Never send angry text messages to your bastard of a boyfriend.
Especially when drunk.
Okay, so it might be fun to type out a graphically obscene text to the boy who just shagged you and then didn't speak to you for a good three weeks, but seriously; not one of my better ideas. Don't get me wrong, if this was How to live your life not giving a toss about social boundaries, saying what you want when you want, and generally giving 'em something to fucking talk about! then this would definitely feature!
Sure it's wonderful to call someone - and I quote - a fucking cowardly pathetic shithead knobbing cockweasel of a man, and yeah it's even better when you have a bonefide reason behind it, but trust me ladies, it will not end well!
If you've been dating someone for a while, and they appear to be a lovely bloke, then why not just leave it at that? If they're not talking to you it's probably because you told them you were going on holiday to Spain and they didn't want to waste their credit or minutes. And if you send that bloody text, they will avoid you indefinitely afterward, and with good cause might I add.

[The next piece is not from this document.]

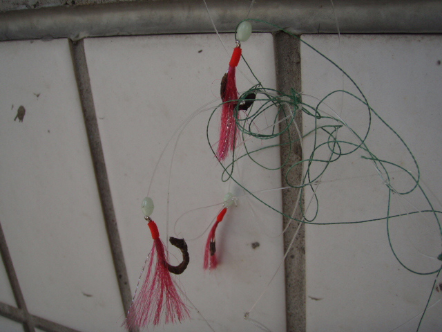 Yhdeltä muulta uusmaalaiselta joelta löytyi kiinteä pyydys, joka oli selvästi viritetty taimenia varten. Se oli pitkäsiima, johon oli ripustettu värikoukkuja sekä matoja. Ohessa kuvassa esimerkkikoukkuja kyseisestä siimavirityksestä.

Unless of course, you really couldn't care less about them with their dick-fuckish ways and knob-shittish habits. If you really do want them to die sad, alone and miserable in a pile of their own shit surrounded by terminally diseased stray cats and rabid squirrells, then PLEASE be my guest! Lord knows how good it feels to vent your pent up anger and see your rage in Ariel font size 11 appear before your very eyes on a little screen in front of you. And yeah afterwards, you feel absolutely fantastic! (Though that might just be the 5 pints and bottle of vodka you just drained.) I was on the verge of driving to Buckingham Palace myself and requesting I be knighted, or at least given a medal for my services to my own self-respect!
Sadly, in the following days, I'd say about the point where you find yourself watching Calamity Jane, wishing Howard Keel was a good 70 years younger and crying onto the shoulders of your two favourite men Ben and Jerry, that's pretty much when the ecstasy wears off.
I'm doing this, girls, so you don't have to! Never send angry text messages to your bastard of a boyfriend. Especially when drunk.